Your goal >> Nothing should appear in the answer except the lines below from the line containing "Piros színű vastag" through the line containing "Das Restaurant ist", copied exactly, with pictures left out.

Stored data >>

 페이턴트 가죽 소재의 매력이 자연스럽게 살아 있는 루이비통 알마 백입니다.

--

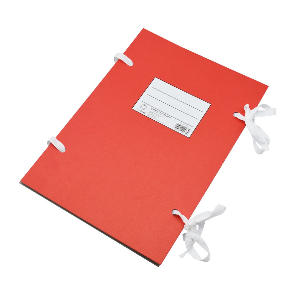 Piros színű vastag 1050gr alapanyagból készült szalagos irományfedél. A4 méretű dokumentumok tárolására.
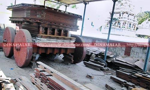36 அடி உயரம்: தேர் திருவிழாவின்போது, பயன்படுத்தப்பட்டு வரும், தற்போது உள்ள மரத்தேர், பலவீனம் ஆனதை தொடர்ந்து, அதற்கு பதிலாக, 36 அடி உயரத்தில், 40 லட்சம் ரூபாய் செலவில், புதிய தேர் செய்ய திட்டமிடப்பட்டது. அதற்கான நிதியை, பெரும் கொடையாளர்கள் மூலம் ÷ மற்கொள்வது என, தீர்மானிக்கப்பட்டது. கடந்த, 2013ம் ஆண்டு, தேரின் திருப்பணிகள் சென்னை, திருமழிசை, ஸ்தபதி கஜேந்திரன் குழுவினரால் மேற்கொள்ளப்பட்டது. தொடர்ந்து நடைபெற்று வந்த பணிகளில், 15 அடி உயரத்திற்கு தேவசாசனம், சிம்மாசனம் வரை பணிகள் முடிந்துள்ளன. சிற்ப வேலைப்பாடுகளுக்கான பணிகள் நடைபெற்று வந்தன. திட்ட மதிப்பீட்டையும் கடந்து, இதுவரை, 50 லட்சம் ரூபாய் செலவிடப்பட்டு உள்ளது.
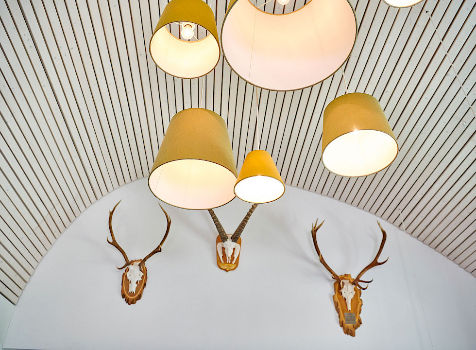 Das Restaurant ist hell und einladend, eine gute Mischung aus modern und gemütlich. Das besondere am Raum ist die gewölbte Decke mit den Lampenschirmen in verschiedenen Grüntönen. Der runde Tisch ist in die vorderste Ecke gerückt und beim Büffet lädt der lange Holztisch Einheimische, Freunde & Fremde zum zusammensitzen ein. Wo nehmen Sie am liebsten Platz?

Exercise response >>
 Piros színű vastag 1050gr alapanyagból készült szalagos irományfedél. A4 méretű dokumentumok tárolására.
36 அடி உயரம்: தேர் திருவிழாவின்போது, பயன்படுத்தப்பட்டு வரும், தற்போது உள்ள மரத்தேர், பலவீனம் ஆனதை தொடர்ந்து, அதற்கு பதிலாக, 36 அடி உயரத்தில், 40 லட்சம் ரூபாய் செலவில், புதிய தேர் செய்ய திட்டமிடப்பட்டது. அதற்கான நிதியை, பெரும் கொடையாளர்கள் மூலம் ÷ மற்கொள்வது என, தீர்மானிக்கப்பட்டது. கடந்த, 2013ம் ஆண்டு, தேரின் திருப்பணிகள் சென்னை, திருமழிசை, ஸ்தபதி கஜேந்திரன் குழுவினரால் மேற்கொள்ளப்பட்டது. தொடர்ந்து நடைபெற்று வந்த பணிகளில், 15 அடி உயரத்திற்கு தேவசாசனம், சிம்மாசனம் வரை பணிகள் முடிந்துள்ளன. சிற்ப வேலைப்பாடுகளுக்கான பணிகள் நடைபெற்று வந்தன. திட்ட மதிப்பீட்டையும் கடந்து, இதுவரை, 50 லட்சம் ரூபாய் செலவிடப்பட்டு உள்ளது.
 Das Restaurant ist hell und einladend, eine gute Mischung aus modern und gemütlich. Das besondere am Raum ist die gewölbte Decke mit den Lampenschirmen in verschiedenen Grüntönen. Der runde Tisch ist in die vorderste Ecke gerückt und beim Büffet lädt der lange Holztisch Einheimische, Freunde & Fremde zum zusammensitzen ein. Wo nehmen Sie am liebsten Platz?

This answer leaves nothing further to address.